TASK PROMPT - Pictures within the data are to be left out; everything else must be reproduced exactly.

AVAILABLE DATA -
↓↓↓

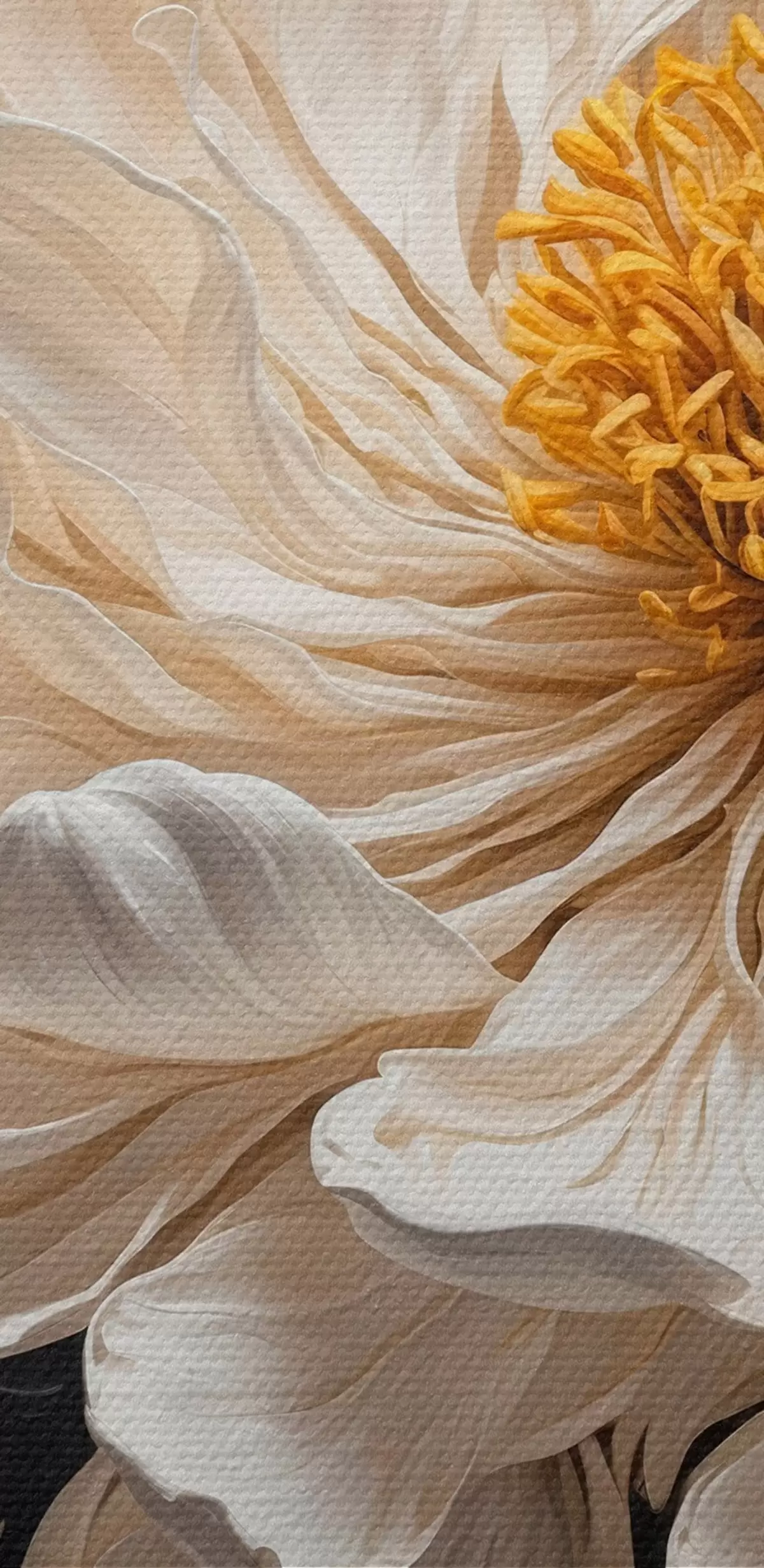Ronde schilderijen Witte bloem op zwart-beige achtergrond Nr r42522
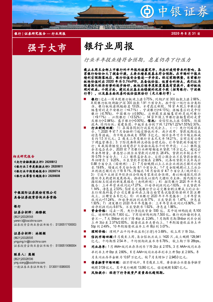 中银证券:银行业周报:行业半年报业绩符合预期,息差仍存下行压力.pdf
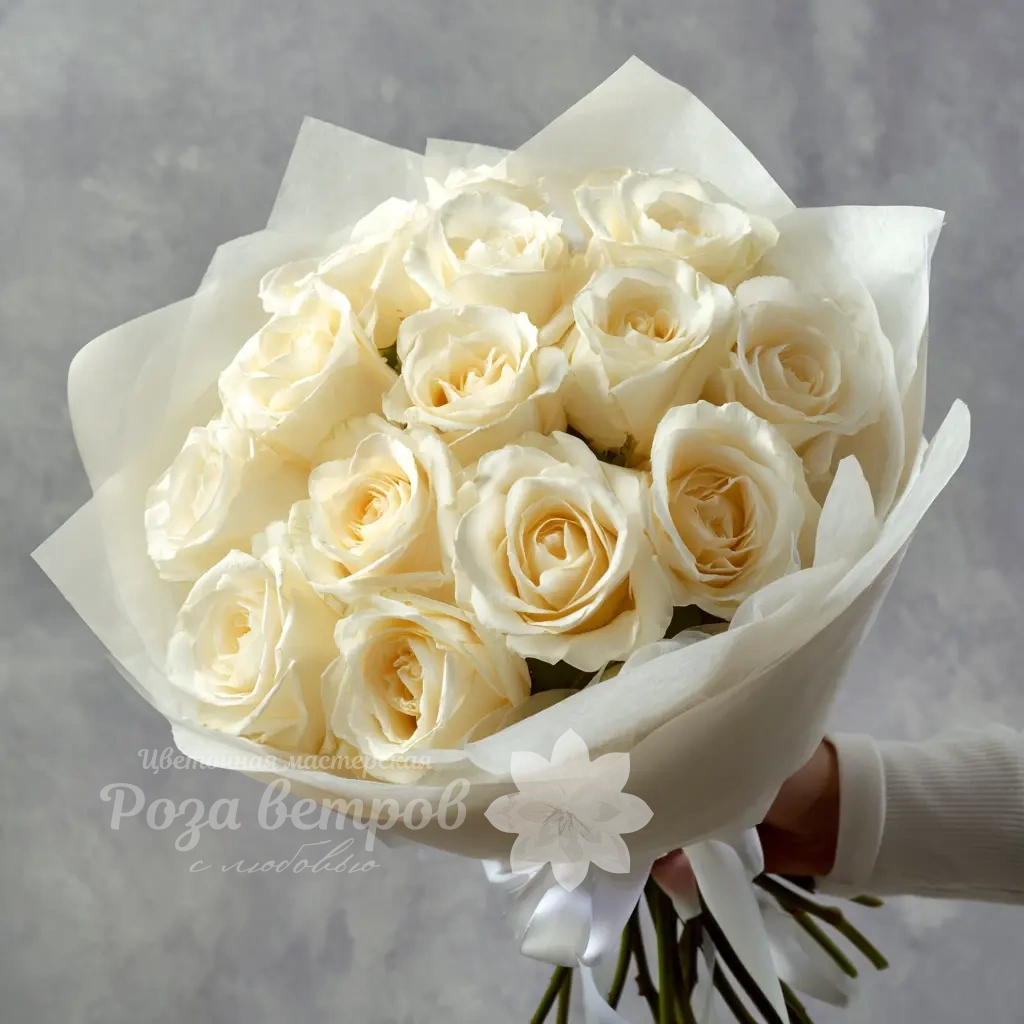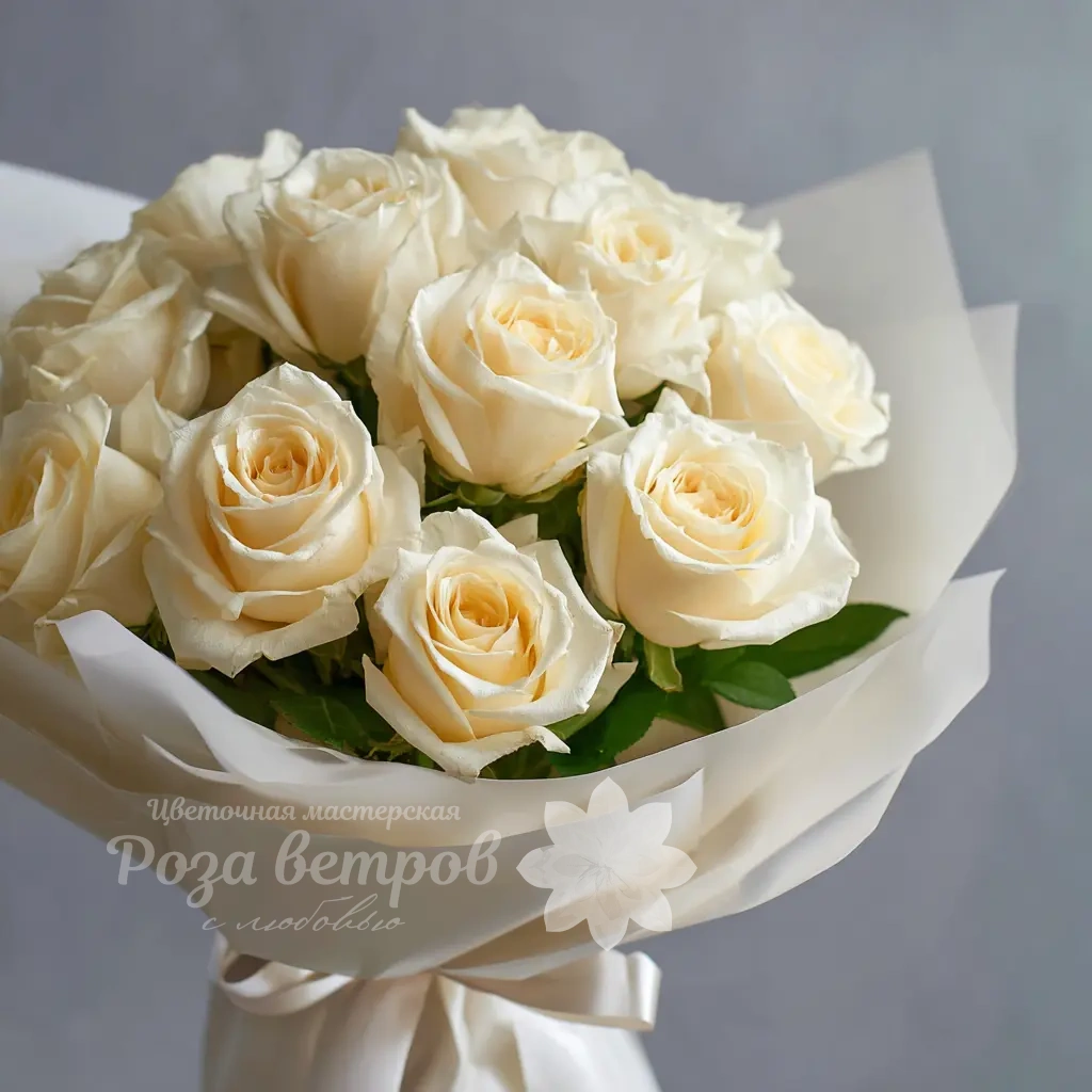 Невесомый и светлый букет из 15 белых роз высотой 40 см — символ чистоты и уважения. Идеален для официальных поздравлений, школьных мероприятий и трогательных моментов.

↑↑↑

EXPECTED ANSWER -
Ronde schilderijen Witte bloem op zwart-beige achtergrond Nr r42522
 中银证券:银行业周报:行业半年报业绩符合预期,息差仍存下行压力.pdf
 Невесомый и светлый букет из 15 белых роз высотой 40 см — символ чистоты и уважения. Идеален для официальных поздравлений, школьных мероприятий и трогательных моментов.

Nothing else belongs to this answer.